Neither of us had any where to go today nor were there any major chores to be done around here. We have read, napped, did a bit of work on our individual projects, and taken out the refuse containers. I made juice and will bake chicken breasts for dinner. Such a slow, luxurious day. Cold day, but at least the sun is shining. Fifty degrees will be the high for the day. Tomorrow morning is forecast to be 30 degrees, and we will have to be up earlier so as to take the Subaru to the mechanic for a major repair job.

This week the Subaru will be the expense, last week it was the trees. The tree trimmers were here early one morning and this is how our backyard now looks:

The squirrels and birds have been shell shocked. The trees had so much deadwood and were so overgrown. But, they were a haven for the wildlife. It will take awhile, but the trees will fill back out. I’m no longer afraid of storms that could bring down large limbs. And the squirrels still have their nests in the Italian cypress which are not seen in this photo.

Day 11 of Christmas break

It’s New Year’s Eve…the last day of 2018. After grocery shopping in the morning, in 44 degree weather, I am now sitting on the couch, napping off and on. I seem to have a bug of some sort trying to attack me. Just an overall feeling of crummy. I think the probiotics are working on attacking the bug since it feels as if a small skirmish is going on inside me.

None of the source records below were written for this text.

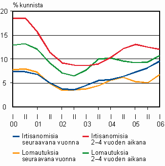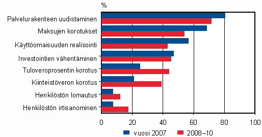Palvelurakenteen uudistamisen oli aloittamassa 81 prosenttia kunnista. Uudistamishalukkaiden määrä on lisääntynyt 16 prosenttiyksikköä aiempaan verrattuna. Aikeet lisätä kuntien käyttöomaisuuden realisointia, kiinteistöveron korotuspaineen lasku sekä myös tuloveroprosentin korotuspaineen lasku kunnissa olivat myös muutosta aikaisempaan. Tuloveroprosentin korotuksen ja kiinteistöveron korotuspaineen arveltiin siirtyvän vuosille 2008-2010, kuten kuviosta 1 on nähtävissä.
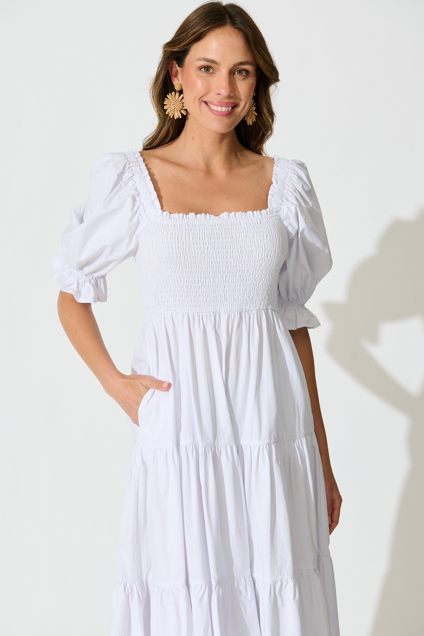 Made for sun-drenched days and breezy afternoons, the Rahima Midi Dress in White Cotton is your crisp and timeless wardrobe staple. Its shirred bodice gently hugs the waist before falling into a softly tiered skirt that moves with you—effortlessly feminine, endlessly wearable.
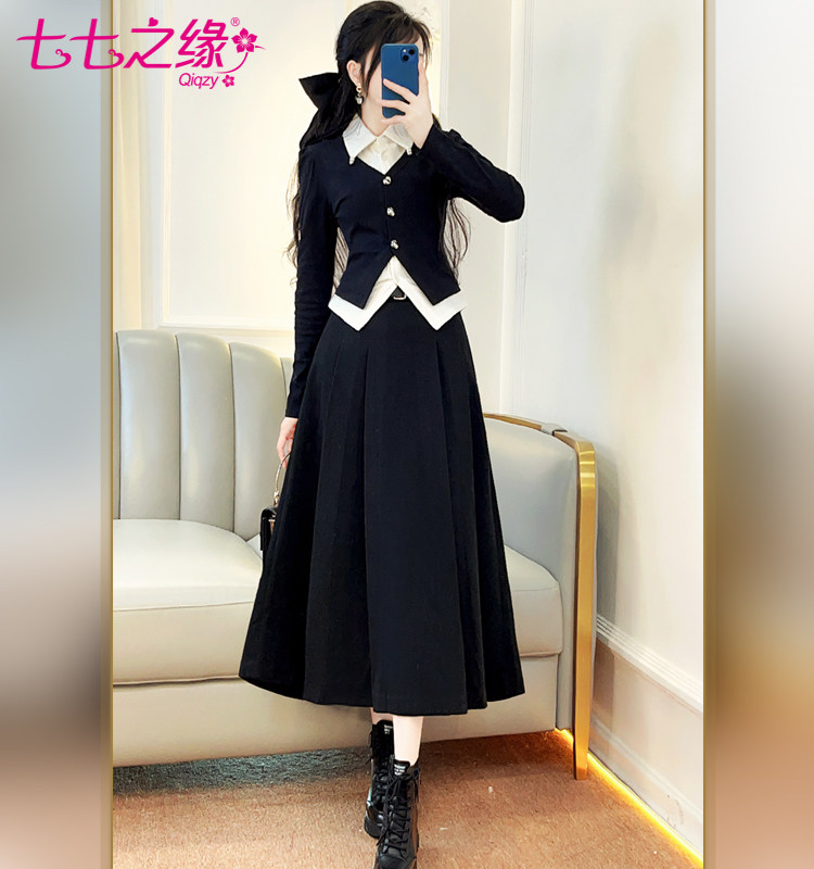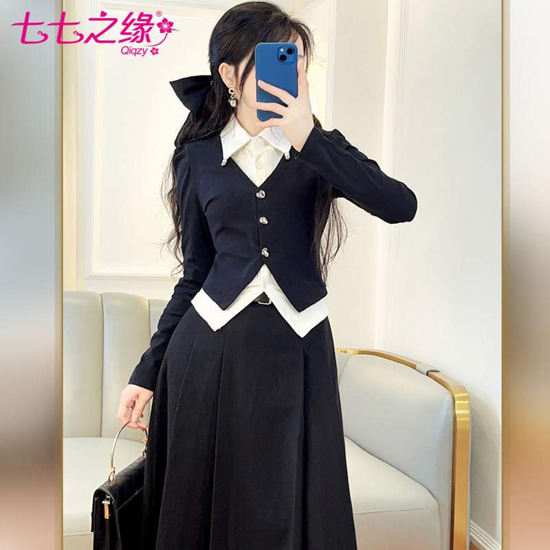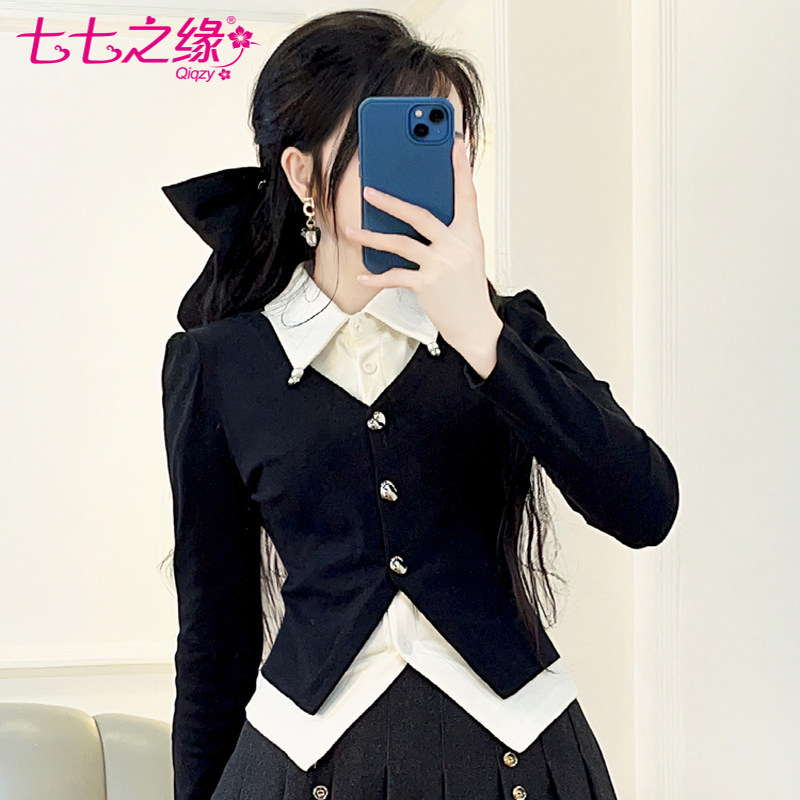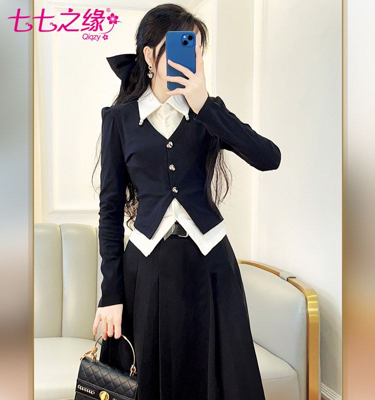 📚 七七之缘春秋新款女装 假两件polo领衬衫不规则设计感上衣半裙
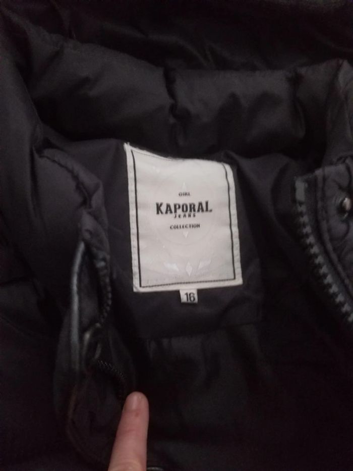 Doudoune kaporal 16ans noir Peu porté état neuf. Fermeture zippé, bien épaisse, chaude. Manque 2 boutons
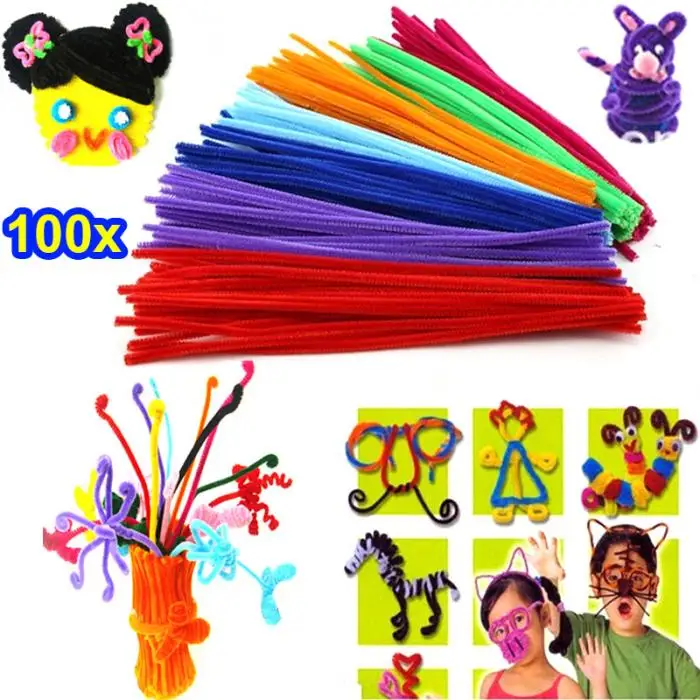 100PCS Kids Child Plush Sticks Rainbow Colors DIY Materials Education Handmade Art Craft Toy Creativity Devoloping Toys @Z310
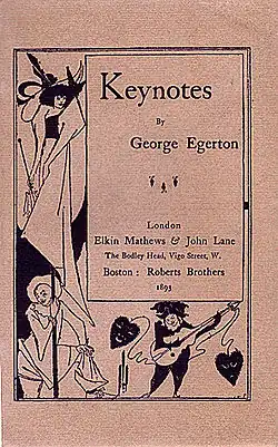 Egertons erstes Buch mit Kurzgeschichten, Keynotes, das zunächst William Heinemann ablehnte (deutsche Übersetzung erst 1991 als Schlüsselerlebnis, bis heute das einzige ihrer übersetzten Werke auf Deutsch), wurde von John Lane und Elkin Mathews bei Bodley Head 1893 veröffentlicht. Der Umschlagentwurf stammte bezeichnenderweise von Aubrey Beardsley.[7] Dieses Werk war so erfolgreich und gleichzeitig berüchtigt auf beiden Seiten des Atlantiks, dass Egerton bald von allen führenden Tageszeitungen und Magazinen interviewt sowie im Punch als Borgia Smudgiton, Autor der She-Notes, parodiert wurde. Egerton selbst fand sich überrascht, dass der Punch Einzelheiten ihres Erscheinungsbildes wie ihr kurzes Haupthaar und ihre Brillengläser fortan stilbildend als Typ der neuen Frau, einer „männlichen Harpyie“, klischeehaft übersteigerte.[2] In der Hoffnung, diesen Erfolg von Keynotes auszunutzen,[8] gab Bodley Head eine als Keynotes-Serie benannte Reihe von Büchern mit insgesamt 19 Kurzgeschichten und vierzehn Novellen heraus, die unter anderem Titel von Grant Allen[9] und Richard LeGallienne[10] beinhalteten.[11]
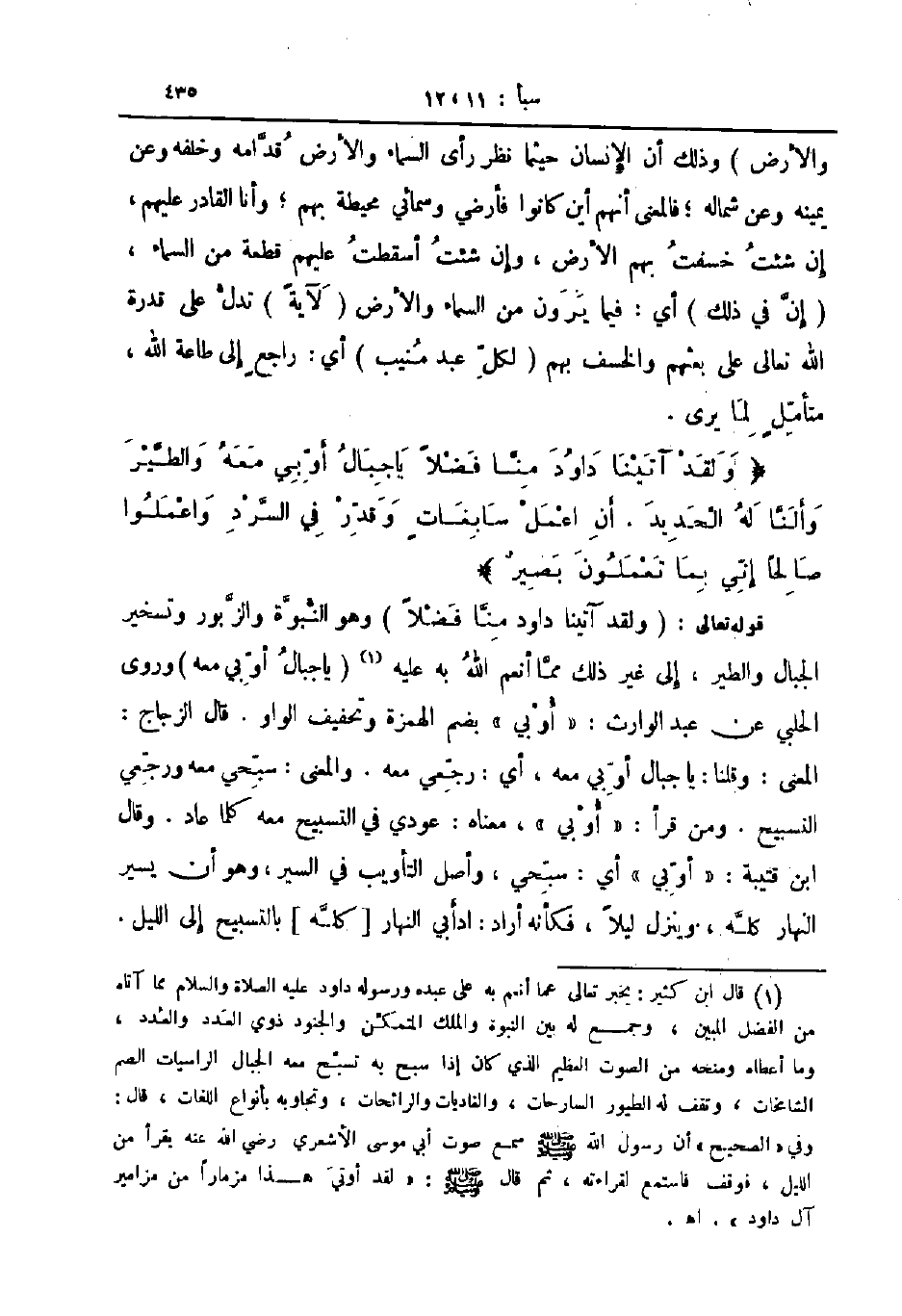 قوله تعالى ولقد آتينا داود منا فضلا وهو النبوة والزبور وتسخير الجبال والطير إلى غير ذلك مما أنعم الله به عليه يا جبال أوبي معه وروى الحلبي عن عبد الوارث أوبي بضم الهمزة وتخفيف الواو قال الزجاج المعنى وقلنا يا جبال أوبيء معه أي رجعي معه والمعنى سبحي معه ورجعي التسبيح ومن قرأ أوبي معناه عودي في التسبيح معه كلما عاد وقال ابن قتيبة أوبي أي سبحي واصل التأويب في السير وهو ان يسير النهار كله وينزل ليلا فكأنه أراد ادأبي النهار كله بالتسبيح إلى الليل
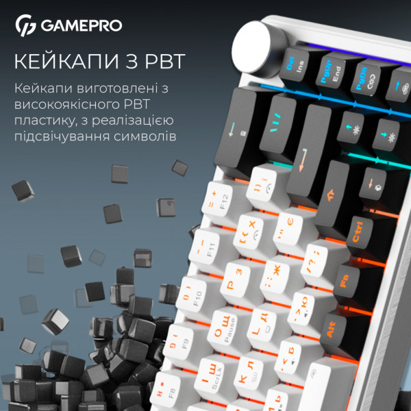 Клавіатура GamePro Asgard Valhalla MK210W Pro 65 RGB Wireless/Bluetooth/USB White (MK210W Pro)
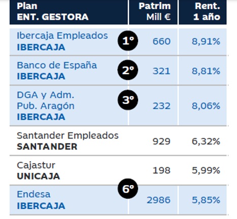El primer puesto lo ocupa el Plan de Empleados de Ibercaja que alcanza un 8,91% de rentabilidad y cuenta con un patrimonio de 660 millones de euros, seguido por el Plan de Empleados del Banco de España con un 8,81% de rentabilidad para sus 321 millones de patrimonio. En 3ª posición el Plan de la Diputación General de Aragón y Administraciones Públicas acumula 232 millones con una rentabilidad anual de algo más del 8%.

I am thankful that there are no obligations on the calendar this week. The Subaru will go to the mechanic on Wednesday for new head gaskets, but all that is expected of me is to drop it off and pick it up. Terry has even offered to pay the large cost of the repair. I would like to feel good enough to do some fun things this week like maybe going out to lunch. If the weather was warmer I would go for some walks, but I hate to be out in the cold unless absolutely necessary.

While walking into the grocery store this morning I saw one of the first grade teachers from Columbia in whose class I read stories the first three years of my school chaplain duties. She moved to another school two years ago and has now retired. Mrs. Alldridge lives in the neighborhood, and even though I shop at this store weekly, I have never seen her there. It was fun to catch up and hear what she is doing in retirement. Being such a highly motivated person, she is taking classes in sign language with intentions of interpreting in classrooms.